Material for this task Block Start

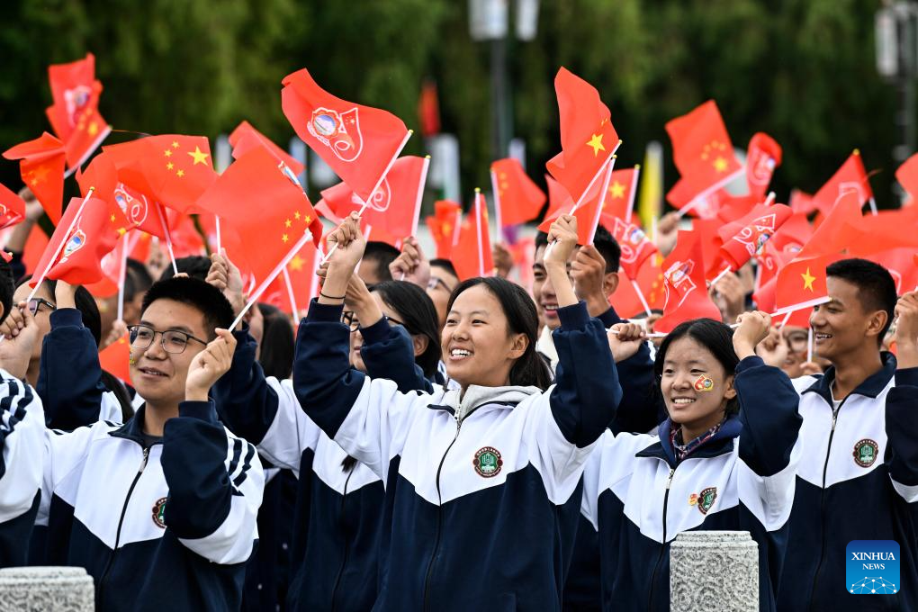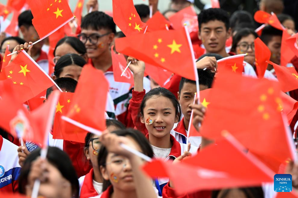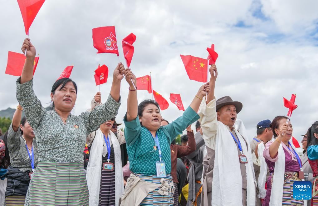 People wave flags during a grand gathering to celebrate Xizang Autonomous Region's 60th founding anniversary in Lhasa, southwest China's Xizang Autonomous Region, Aug. 21, 2025. Around 20,000 local officials and people from all ethnic groups and all walks of life joined in the celebration. (Xinhua/Jigme Dorje)
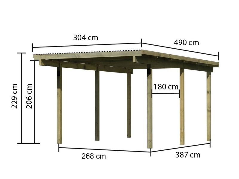 Bytelný dřevěný přístřešek na 1 auto od německého výrobce. Rozměry carportu: 490 × 206 × 250 cm (d×vך). Přístřešek je vhodný jako ochrana automobilu před UV zářením, deštěm nebo krupobitím. Zastavěná plocha: 14,90 m2.
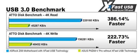 Az Asrock XFast USB névre keresztelt USB 3.0 csatlakozói más Z68 alaplapoknál gyorsabb USB 3.0 adatátvitellel kecsegtetnek. Az adatok írásánál az Asrock tapasztalatai szerint 3,86-szor gyorsabban jöttek át a byte-ok, mint egy szokásos USB 3.0 kapun. Az írás során 2,22-szeres gyorsulást ígérnek.
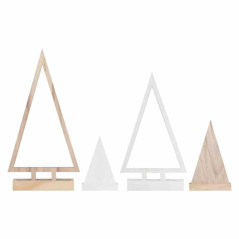 These traditional Christmas wooden decorations will look beautiful displayed around your home. This Christmas fireplace decoration contains 4 x Christmas ornaments. 1 tree decoration measures 30cm (H) x 16cm (W), 1 tree decoration measures 25cm (H) x 14cm (W) and 2 tree decorations measure 14cm (H) x 12cm (W).
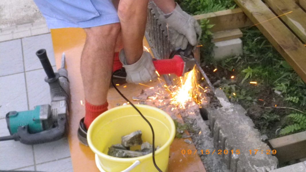 グラインダーでがんがん鉄筋を切りながらブロックを壊し、まあ何とかザックリだがちっちゃなブロック塀の一段目を取り去った。
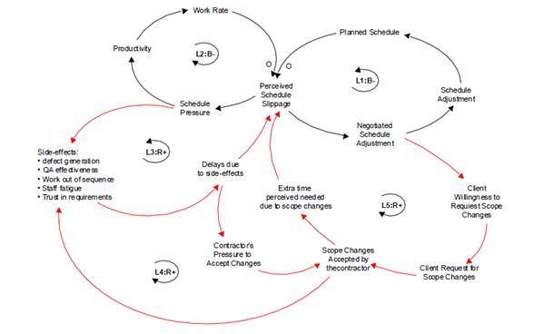 Пожалуй, самый новый метод моделирования проекта, позволяющий наиболее комплексно описать проект и с помощью имитационного моделирования процессов, протекающих в проекте, определить источники риска и даже количественно описать их. Пример описания проекта по разработке ПО с использованием системной динамики, ориентированный на моделирование изменения требований к разрабатываемому ПО:
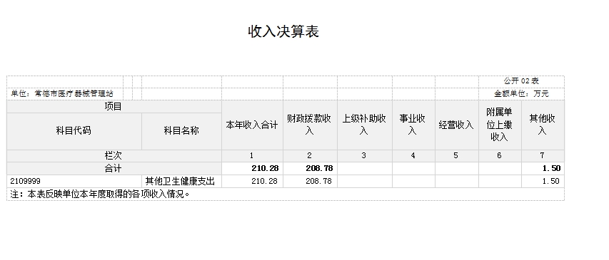 2024年度收入合计210.28万元,其中:财政拨款收入208.78万元,占99.29%;上级补助收入0万元,占0%;事业收入0万元,占0%;经营收入0万元,占0%;附属单位上缴收入0万元,占0%;其他收入1.5万元,占0.71%。

Material for this task Block End

Task: Your reply should hold nothing but the lines above, from the one containing "These traditional Christmas" to the one containing "グラインダーでがんがん鉄筋を", reproduced exactly minus the pictures.

Exercise response:
 These traditional Christmas wooden decorations will look beautiful displayed around your home. This Christmas fireplace decoration contains 4 x Christmas ornaments. 1 tree decoration measures 30cm (H) x 16cm (W), 1 tree decoration measures 25cm (H) x 14cm (W) and 2 tree decorations measure 14cm (H) x 12cm (W).
 グラインダーでがんがん鉄筋を切りながらブロックを壊し、まあ何とかザックリだがちっちゃなブロック塀の一段目を取り去った。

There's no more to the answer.